Restate the whole of the data below word for word, skipping the images.

:: Source material

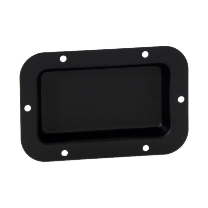 Musta upotuskahva, ilman reikiä. Aukon koko: 115 x 65 mm. Musta. Jauhemaalattua terästä 1 mm. 136 x 89 mm ja syvyys 13 mm. Kiinnitysreiät 5 mm.
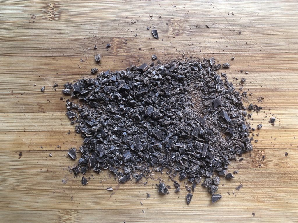 Con un cuchillo, reducir el chocolate negro en virutas no muy grandes.
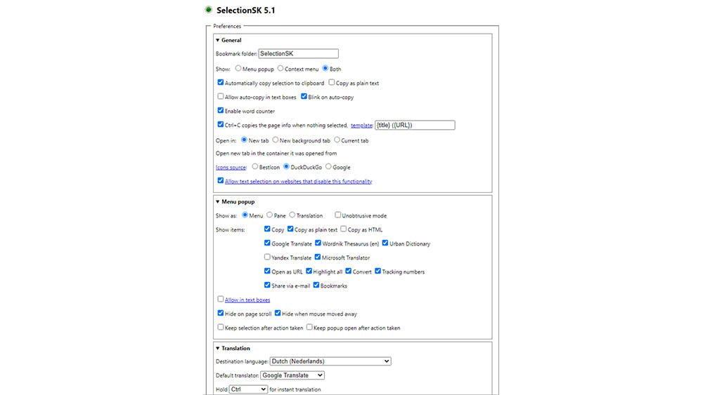 Er zijn heel wat nuttige webservices en SelectionSK brengt binnen Chromium of Firefox diverse diensten mooi samen in één menu. Het volstaat om een stukje tekst met de muis te markeren om een pop-menu te zien. De gemarkeerde tekst kun je van hieruit naar het klembord sturen, in een nieuwe e-mailbericht plaatsen of doorsturen naar allerlei onlineverstaaldiensten en woordenboeken.
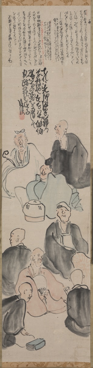 In Japan, both Chinese-style poems (<em>kanshi</em>) and Edo period Japanese poems (<em>haikai</em>) paralleled the Chinese literati and Japanese painting <em>haiga</em> traditions. Edo literati painter Matsumura Goshun painted eight poets from the anthology of 36 haikai poets compiled by his teacher Yosa Buson. When Buson died in 1783, Matsumura was asked to care for his teacher’s young daughter; Matsumura added paintings to Buson’s poetic writings to sell and raise money for her marriage. Here, he included Buson’s poem at the top of the painting.

::::

▶ _Exercise response_
 Musta upotuskahva, ilman reikiä. Aukon koko: 115 x 65 mm. Musta. Jauhemaalattua terästä 1 mm. 136 x 89 mm ja syvyys 13 mm. Kiinnitysreiät 5 mm.
 Con un cuchillo, reducir el chocolate negro en virutas no muy grandes.
 Er zijn heel wat nuttige webservices en SelectionSK brengt binnen Chromium of Firefox diverse diensten mooi samen in één menu. Het volstaat om een stukje tekst met de muis te markeren om een pop-menu te zien. De gemarkeerde tekst kun je van hieruit naar het klembord sturen, in een nieuwe e-mailbericht plaatsen of doorsturen naar allerlei onlineverstaaldiensten en woordenboeken.
 In Japan, both Chinese-style poems (<em>kanshi</em>) and Edo period Japanese poems (<em>haikai</em>) paralleled the Chinese literati and Japanese painting <em>haiga</em> traditions. Edo literati painter Matsumura Goshun painted eight poets from the anthology of 36 haikai poets compiled by his teacher Yosa Buson. When Buson died in 1783, Matsumura was asked to care for his teacher’s young daughter; Matsumura added paintings to Buson’s poetic writings to sell and raise money for her marriage. Here, he included Buson’s poem at the top of the painting.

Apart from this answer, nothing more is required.